Characterization of Squamous Cell Lung Cancers from Appalachian Kentucky

Abstract

Background: Lung cancer is the leading cause of cancer mortality in the United States (U.S.). Squamous cell carcinoma (SQCC) represents 22.6% of all lung cancers nationally, and 26.4% in Appalachian Kentucky (AppKY), where death from lung cancer is exceptionally high. The Cancer Genome Atlas (TCGA) characterized genetic alterations in lung SQCC, but this cohort did not focus on AppKY residents.

Methods: Whole-exome sequencing was performed on tumor and normal DNA samples from 51 lung SQCC subjects from AppKY. Somatic genomic alterations were compared between the AppKY and TCGA SQCC cohorts.

Results: From this AppKY cohort, we identified an average of 237 nonsilent mutations per patient and, in comparison with TCGA, we found that PCMTD1 (18%) and IDH1 (12%) were more commonly altered in AppKY versus TCGA. Using IDH1 as a starting point, we identified a mutually exclusive mutational pattern (IDH1, KDM6A, KDM4E, JMJD1C) involving functionally related genes. We also found actionable mutations (10%) and/or intermediate or high-tumor mutation burden (65%), indicating potential therapeutic targets in 65% of subjects.

Conclusions: This study has identified an increased percentage of IDH1 and PCMTD1 mutations in SQCC arising in the AppKY residents versus TCGA, with population-specific implications for the personalized treatment of this disease.

Impact: Our study is the first report to characterize genomic alterations in lung SQCC from AppKY. These findings suggest population differences in the genetics of lung SQCC between AppKY and U.S. populations, highlighting the importance of the relevant population when developing personalized treatment approaches for this disease.

Figure 1.. Significantly mutated genes in lung SQCC.

Significantly mutated genes (FDR<0.2) from whole-exome sequencing of 51 samples from Appalachian Kentucky patients. The number and percentage of samples with mutations in each gene are shown on the left. Samples are displayed as columns, with the overall number of mutations, smoking status, and tumor stage plotted at the top.

Figure 2.. Functional analysis of IDH1 variants.

(A) Segments of multiple sequence alignment for representative IDH1 (upper set) and IDH2 (lower set) orthologs, showing conservation of Arg132, Val178, Ala207, and Leu352. Numbers are provided for a human IDH1 protein. A complete alignment and sequence accession numbers are shown in Supplementary Fig. S7. Positions 132, 178, 307, and 352 are marked and highlighted in yellow, whereas substitutions in these positions are highlighted in blue. For all other positions, residues that are identical to those in the human IDH1 are highlighted in gray. Human, Homo sapiens; Frog, Xenopus tropicalis; Fish, Takifugu rubripes; Nematode, Caenorhabditis elegans, Worm, Saccoglossus kowalevskii; Lancelet, Branchiostoma floridae. (B) Effect of IDH1 variants on enzyme activity. Left: effect of R132H and A307S mutants; Right: effect of V178A and L352P mutants. The two-sample t-test was performed to compare each IDH1 mutant versus the wild type and the Bonferroni correction was used for multiple comparison adjustment. • Statistically significant reductions of NADPH production comparing IDH1 R132H versus wild type; ♦Statistically significant reductions of NADPH production comparing IDH1 L352P versus wild type.

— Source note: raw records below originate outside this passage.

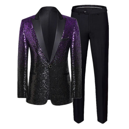 Men's Sequin Suit 2 Piece Men Bar KTV Stage Performance Dress Male Gradient Clothing
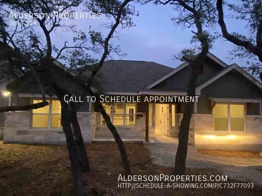Beautiful brand new Hill country home nestled between mature trees in Canyon Lake. This New 3 bedroom/2 bath home boast an open floorplan,42" all wood custom cabinets, tile floor, stainless steel appliances, and so much more.
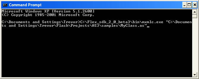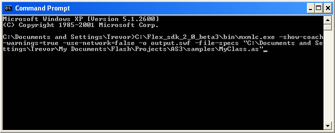 When running mxmlc.exe, you'll need to supply it with at least (and usually) one ActionScript 3 file to compile. This file serves as the primary application file for the published SWF. Any other external ActionScript 3 files this application file imports or references will automatically be compiled into the resulting SWF. Unlike the Flash authoring environment or Flex Builder, though, mxmlc.exe has no GUI (graphical user interface); it is a command line tool. Trying to run it by double clicking and opening the EXE will cause a command prompt to pop up which will do some quick evalutation and immediately close. For it to work, it needs an ActionScript (or MXML) file to compile. To do this you have a couple of options.
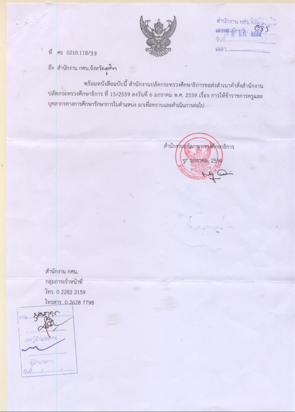 สป.ศธ.ได้ออกคำสั่งแต่งตั้งผู้รักษาการ ผอ.สนง.กศน.จ.ภูเก็ตเป็นการล่วงหน้าใหม่ ดังแนบ
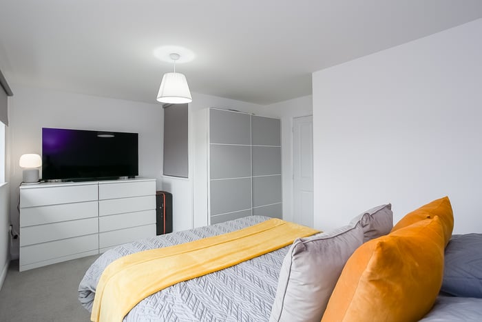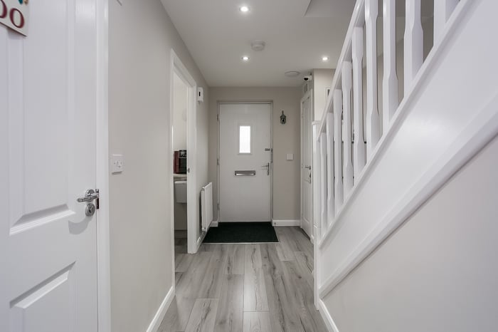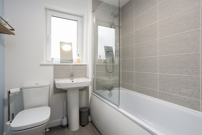 On the upper floor, bedroom one offers a generously sized room, with two windows, light decor, a fitted wardrobe and carpeted flooring; whilst two further bedrooms are set to the rear, overlooking the garden. Completing the accommodation, the bathroom is set to the side, with a modern three-piece suite including a shower over the bath and tiled splash walls.
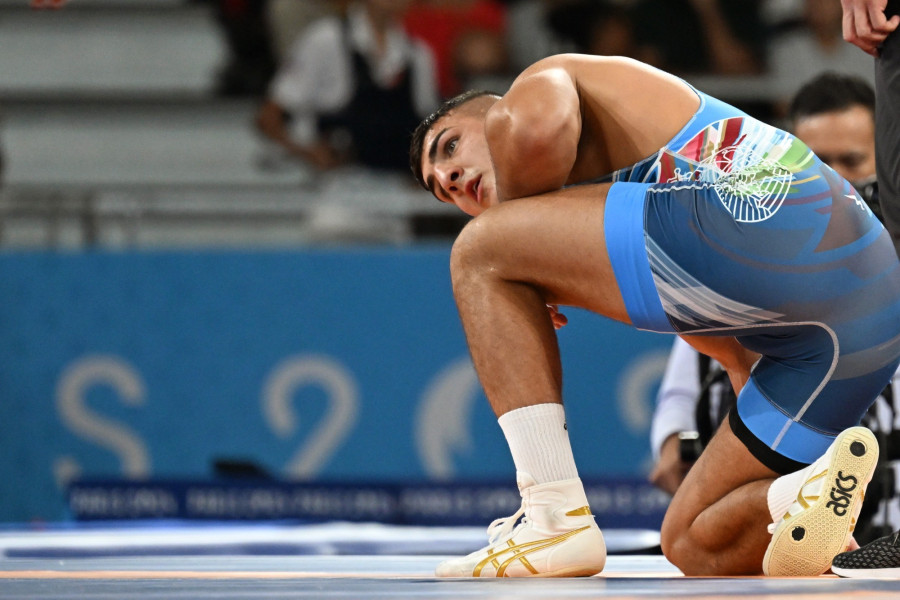 Losonczi Dávid a bolgár Szemen Novikov elleni mérkőzésén a férfi kötöttfogású birkózók 87 kilogrammos súlycsoportjának elődöntőjében a 2024-es párizsi nyári olimpián a párizsi Mars-mező Arénában 2024. augusztus 7-én. Losonczi Dávid kikapott az elődöntőben, így másnap a bronzéremért küzdhet. MTI/Illyés Tibor
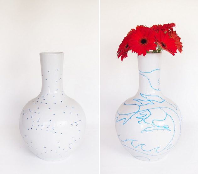 Elle retournera une troisième fois en Asie à titre personnel, à Jingdezhen, grâce à une bourse de la région Grand Est. De ces résidences, elle tire des objets qui revisitent des classiques, en créant d’abord un carnet de bord avec des peintures sur tasse en porcelaine, et en créant un vase et une théière dotés des images traditionnelles chinoises de la carpe et du dragon… qui n’apparaissent que si l’utilisateur relie les points entre eux.
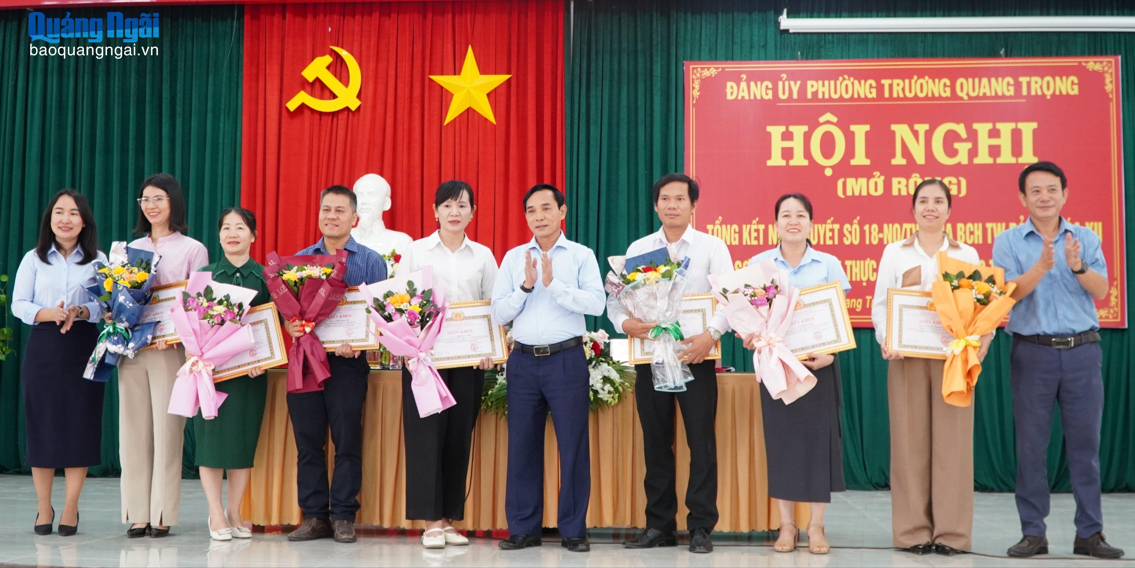 Dịp này, Ban Thường vụ Đảng ủy phường khen thưởng 7 cá nhân có thành tích tiêu biểu trong triển khai, thực hiện Nghị quyết số 18-NQ/TW.

Figure 3.. IDH1 mutations and IDH1 associated pathway analysis.

Variant IDH1 may produce the oncometabolite 2HG that inhibits 2OG-dependent dioxygenases; the 2OG-dependent dioxygenases are highly sensitive to inhibition by 2HG. Mutations in IDH1 and 2OG dependent enzymes are mutually exclusive. The number and percentage of samples with mutations in each gene are shown on the left. Samples are displayed as columns.